The primary thing to figure out is how do we get that information about infoboxes/navboxes/whatever-else form editors to parsoid/editing-clients/etc. How it is represented in (Parsoid) HTML is the simpler problem.

I agree that maintaining a mapping of (say) templates to components is more complex than finding some markup for it. However, I still think that defining a decent DOM representation is important for usability and performance when working with such components. When working on a DOM, we should be able to match an infobox or navbox in a single DOM selector. When working at the bytestream level for high-volume applications with latency demands, having a safe way to extract page components at the string level is very valuable, too.

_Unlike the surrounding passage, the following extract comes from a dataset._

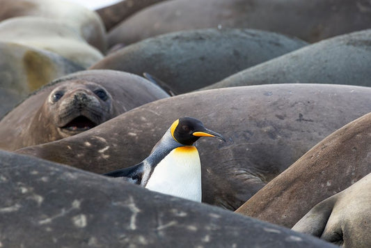 Southern Ocean-South Georgia-A large elephant seal bull lies in the midst of many penguins Black Ornate Wood Framed Art Print with Double Matting by Goff, Ellen B.

To add to this, there are pages like https://en.wikipedia.org/wiki/Indian_cuisine where navboxes are positioned closer to where an infobox usually lives. There are also articles like this one that have navboxes both in the infobox position, and at the end of the article. This positioning seems sensible in a desktop context. We could make their expansion / following their custom placement optional with placeholder tags (as discussed in T105845#1650013) and serve them separately, but I think removing any trace of of their original position isn't really an option at this point.

Navcolumns are often used as a table of contents over articles, and their placement reflects that. https://en.wikipedia.org/wiki/Science is a good example - the top-level article has a navcolumn, the direct children show the navcolumn with the respective section open, and the grandchildren use topic-specific navboxes instead. It's a very helpful pattern IMO when you are searching for something and going top-down in some subject - chances are you know the top topic name but not the subtopic name, so you will need to navigate from Science to Material science much more often than in the opposite direction, or from one grandchild to other. (That last one is what navboxes are for - you have finished reading or scrolling through the article and are looking for related topics.) Navcolumns deserve their own component, distinct from naxboxes, IMO.

There are also the articles which have multiple infoboxes. E.g. w:en:Mini has 9 distinct infoboxes. I'm not sure how widespread this pattern is, but I believe vehicle and media articles often use it? (when a subtopic isn't sufficiently notable, or sufficiently detailed, to be split into a separate page/stub, but does benefit from an infobox in its section).

There's also the pattern of a "single" infobox composed of multiple parts, e.g. the modular w:en:Template:Infobox animanga as used in e.g. w:en:Mushishi. A glance through the interwiki links, shows this pattern is used in many other languages. (Second example: w:en:Template:Infobox_ship_begin as used in e.g. USS Bang.)

Wikimedia Developer Summit 2016 ended two weeks ago. This task is still open. If the session in this task took place, please make sure 1) that the session Etherpad notes are linked from this task, 2) that followup tasks for any actions identified have been created and linked from this task, 3) to change the status of this task to "resolved". If this session did not take place, change the task status to "declined". If this task itself has become a well-defined action which is not finished yet, drag and drop this task into the "Work continues after Summit" column on the project workboard. Thank you for your help!

RobLa-WMF mentioned this in Unknown Object (Event).May 11 2016, 12:09 AM

The idea's quite interesting but has fallen out of discussion some time ago. Shall we remove from the TechCom RFC list, or is there a party interested in taking it back on?

Krinkle renamed this task from Page components / content widgets to RFC: Page components / content widgets.Jan 31 2018, 12:25 AM

Dropping this off the RFC board, since it's not actionable. Adding to TechCom radar, since this seems relevant to platform evolution.